**REQUIRED ACTION**
The answer should be an exact repeat of the stretch of material below from the line containing "Oxidized Silver Floral" through the line containing "ということで紹介しました、カップヌードル 背脂豚骨醤油 ビッグ。".

**SOURCE MATERIAL**
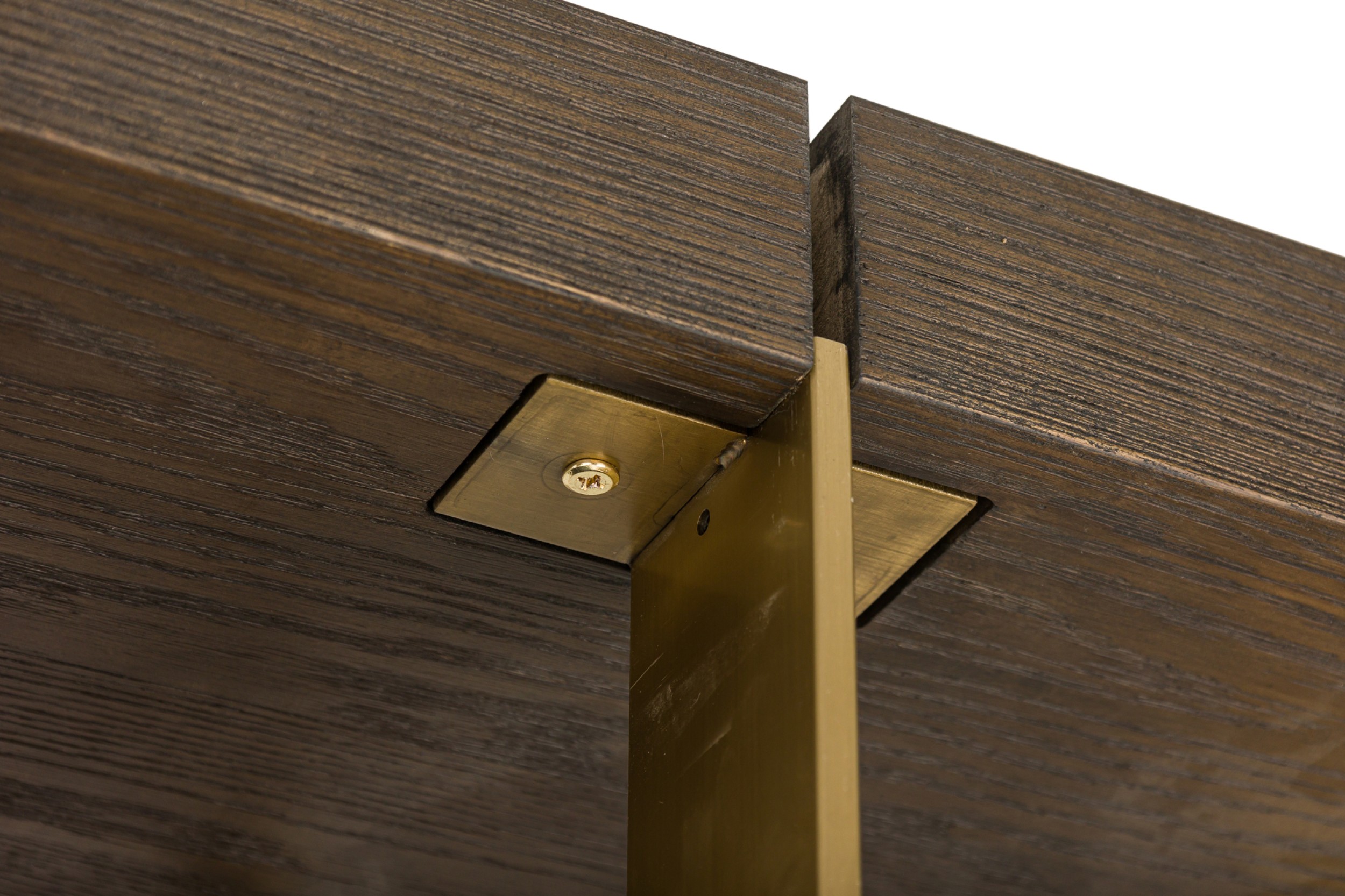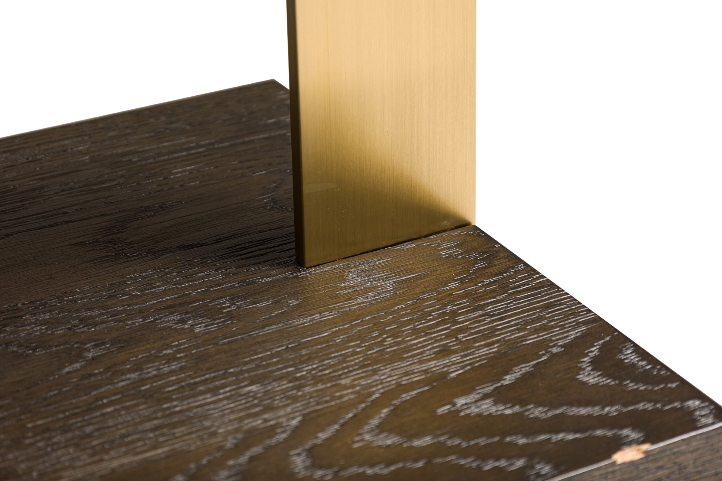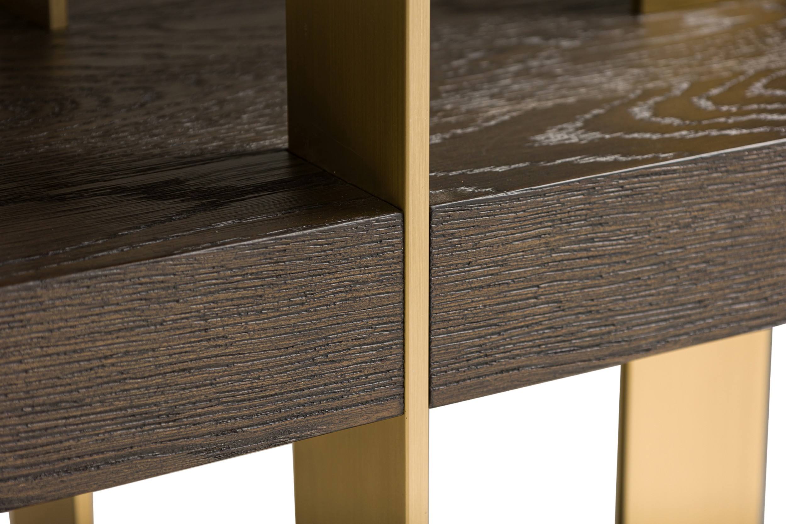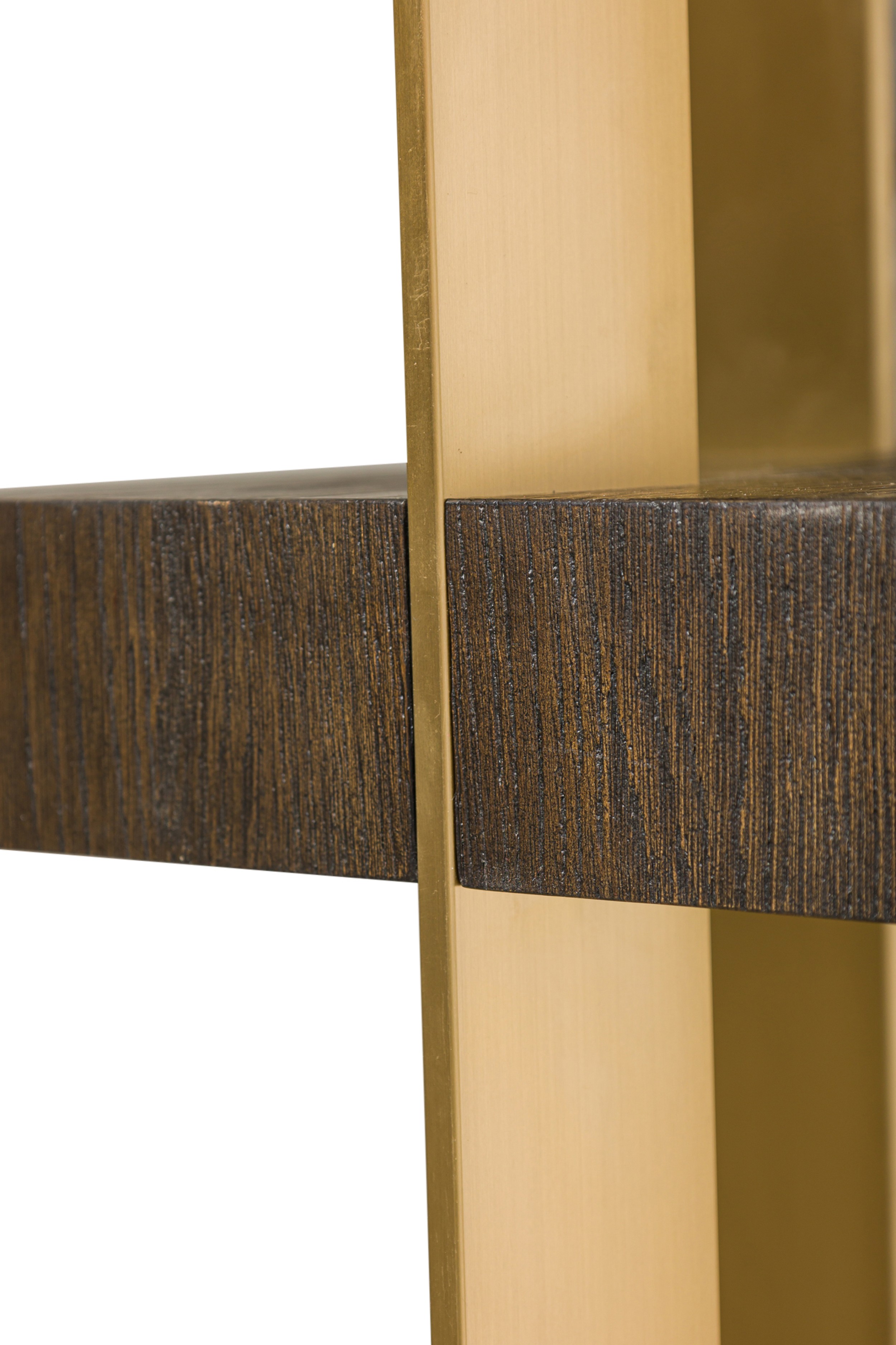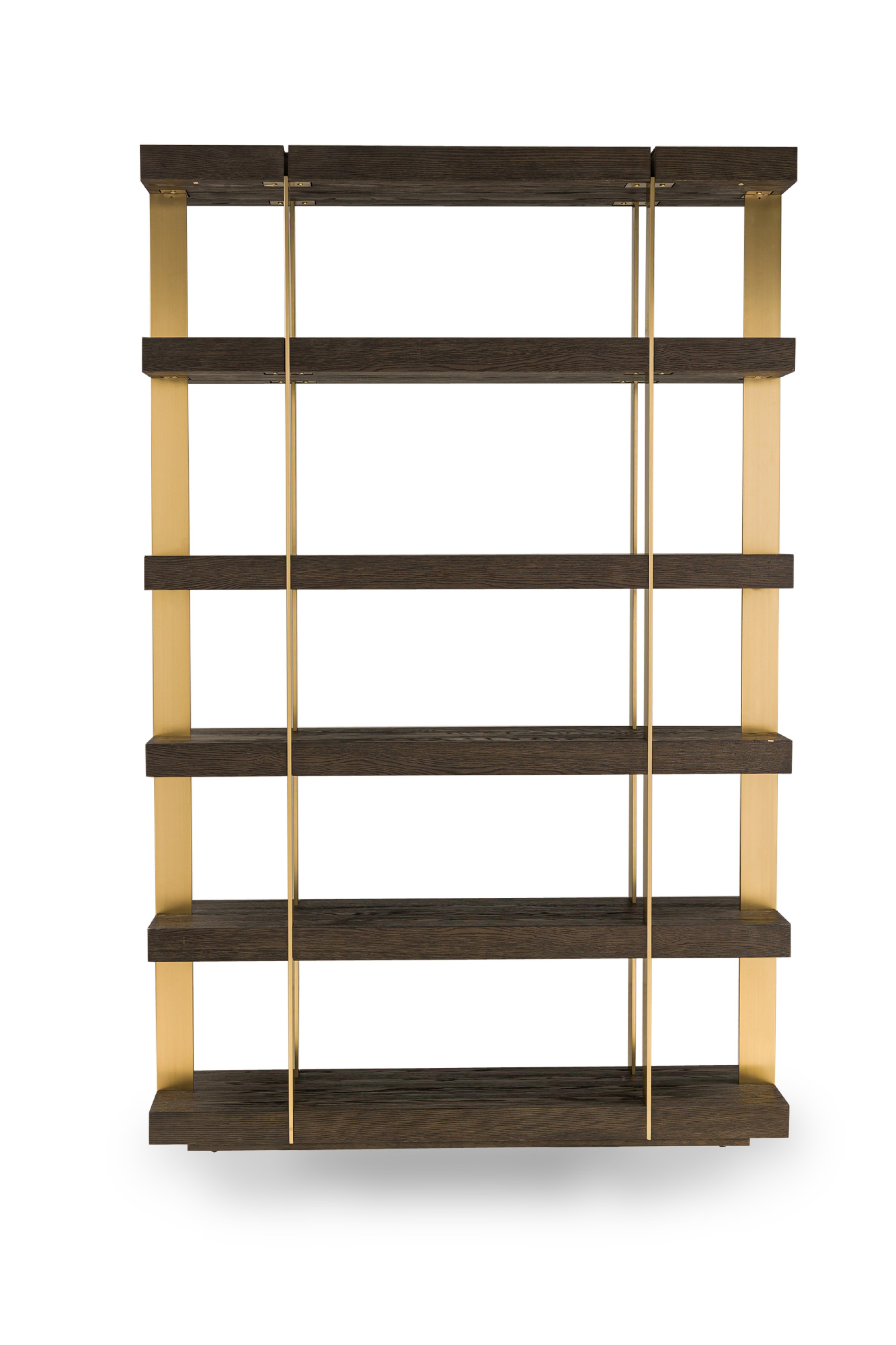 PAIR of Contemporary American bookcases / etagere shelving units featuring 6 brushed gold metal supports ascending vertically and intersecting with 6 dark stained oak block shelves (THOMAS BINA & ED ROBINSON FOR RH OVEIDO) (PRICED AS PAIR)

==

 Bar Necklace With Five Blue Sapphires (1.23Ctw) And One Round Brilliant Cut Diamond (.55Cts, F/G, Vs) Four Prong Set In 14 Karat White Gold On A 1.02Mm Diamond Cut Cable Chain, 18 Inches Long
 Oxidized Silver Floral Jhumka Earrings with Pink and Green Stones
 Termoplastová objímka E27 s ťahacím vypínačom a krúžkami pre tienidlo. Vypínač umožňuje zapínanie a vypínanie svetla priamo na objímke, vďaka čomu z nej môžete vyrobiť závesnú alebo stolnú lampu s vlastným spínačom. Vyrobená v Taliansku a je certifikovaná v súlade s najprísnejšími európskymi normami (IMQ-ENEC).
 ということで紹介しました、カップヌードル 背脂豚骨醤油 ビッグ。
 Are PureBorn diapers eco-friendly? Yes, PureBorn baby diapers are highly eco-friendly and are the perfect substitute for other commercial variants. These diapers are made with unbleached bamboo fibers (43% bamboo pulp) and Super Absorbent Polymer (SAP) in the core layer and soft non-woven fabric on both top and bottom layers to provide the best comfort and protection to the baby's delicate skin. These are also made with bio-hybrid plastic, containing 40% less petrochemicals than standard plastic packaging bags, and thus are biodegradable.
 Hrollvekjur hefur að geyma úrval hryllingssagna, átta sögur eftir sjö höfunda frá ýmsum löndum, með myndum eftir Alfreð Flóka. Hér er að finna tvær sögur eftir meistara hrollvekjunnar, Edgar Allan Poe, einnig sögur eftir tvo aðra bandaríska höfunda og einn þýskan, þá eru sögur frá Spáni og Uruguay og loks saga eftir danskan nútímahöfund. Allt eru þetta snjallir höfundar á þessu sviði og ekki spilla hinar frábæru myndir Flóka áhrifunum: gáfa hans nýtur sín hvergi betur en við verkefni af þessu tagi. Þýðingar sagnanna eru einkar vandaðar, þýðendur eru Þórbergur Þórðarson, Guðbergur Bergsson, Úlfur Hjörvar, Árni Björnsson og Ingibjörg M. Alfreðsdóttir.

---

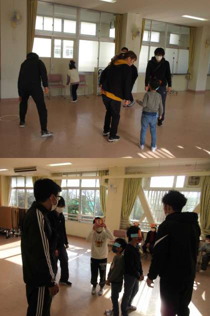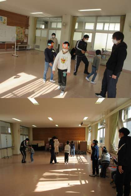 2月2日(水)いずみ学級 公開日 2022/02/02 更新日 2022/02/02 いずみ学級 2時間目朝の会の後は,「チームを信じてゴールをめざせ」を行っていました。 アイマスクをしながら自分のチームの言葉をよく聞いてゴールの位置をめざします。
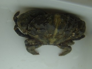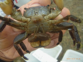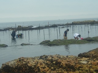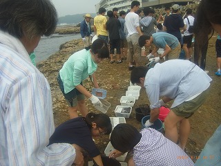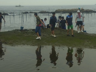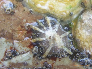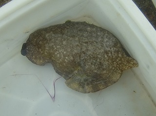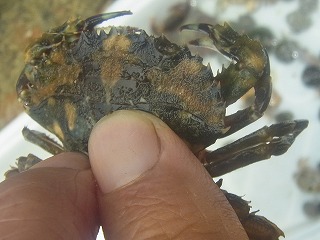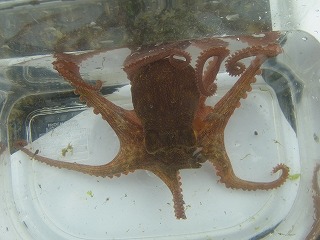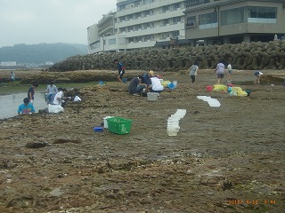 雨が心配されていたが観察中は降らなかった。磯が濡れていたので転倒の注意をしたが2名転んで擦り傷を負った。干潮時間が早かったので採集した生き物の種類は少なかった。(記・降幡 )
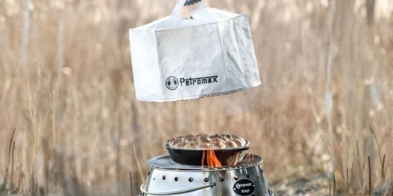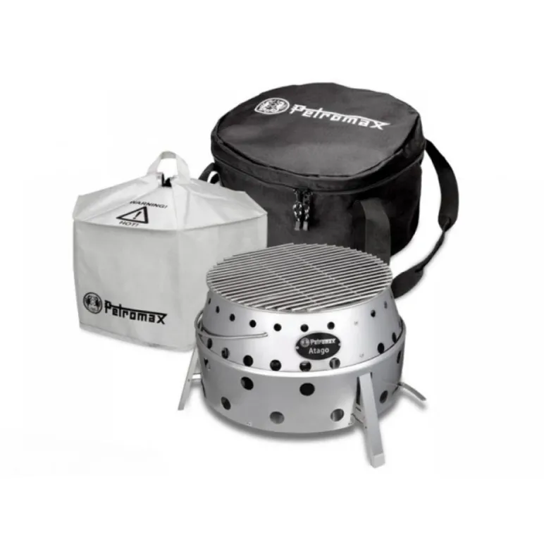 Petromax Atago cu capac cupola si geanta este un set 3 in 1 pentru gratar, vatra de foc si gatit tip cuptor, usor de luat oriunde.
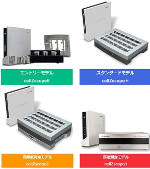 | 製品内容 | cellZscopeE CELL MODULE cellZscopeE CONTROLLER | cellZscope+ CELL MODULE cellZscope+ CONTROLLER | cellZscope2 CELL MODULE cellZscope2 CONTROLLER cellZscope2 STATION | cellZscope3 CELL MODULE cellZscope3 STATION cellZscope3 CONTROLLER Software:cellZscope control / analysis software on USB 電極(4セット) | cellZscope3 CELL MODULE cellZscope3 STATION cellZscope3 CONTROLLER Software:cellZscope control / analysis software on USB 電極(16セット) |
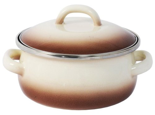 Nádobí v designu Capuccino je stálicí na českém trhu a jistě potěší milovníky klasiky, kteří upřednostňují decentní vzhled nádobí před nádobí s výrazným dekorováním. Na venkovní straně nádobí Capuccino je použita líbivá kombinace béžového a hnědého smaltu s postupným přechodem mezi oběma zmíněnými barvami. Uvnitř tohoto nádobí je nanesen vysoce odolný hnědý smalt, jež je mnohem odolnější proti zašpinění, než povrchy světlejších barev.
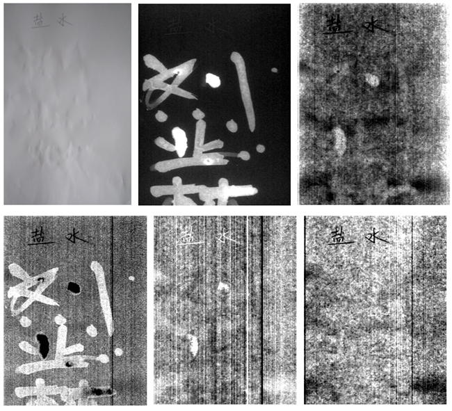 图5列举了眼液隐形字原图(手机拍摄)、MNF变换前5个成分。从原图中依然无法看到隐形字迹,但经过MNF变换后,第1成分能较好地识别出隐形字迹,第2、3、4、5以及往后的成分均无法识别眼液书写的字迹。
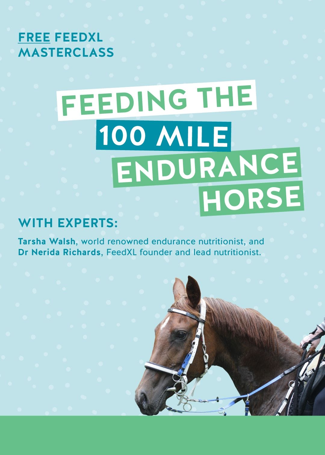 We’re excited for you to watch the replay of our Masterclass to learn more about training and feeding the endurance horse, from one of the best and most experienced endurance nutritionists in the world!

**TASK ANSWER**
 Oxidized Silver Floral Jhumka Earrings with Pink and Green Stones
 Termoplastová objímka E27 s ťahacím vypínačom a krúžkami pre tienidlo. Vypínač umožňuje zapínanie a vypínanie svetla priamo na objímke, vďaka čomu z nej môžete vyrobiť závesnú alebo stolnú lampu s vlastným spínačom. Vyrobená v Taliansku a je certifikovaná v súlade s najprísnejšími európskymi normami (IMQ-ENEC).
 ということで紹介しました、カップヌードル 背脂豚骨醤油 ビッグ。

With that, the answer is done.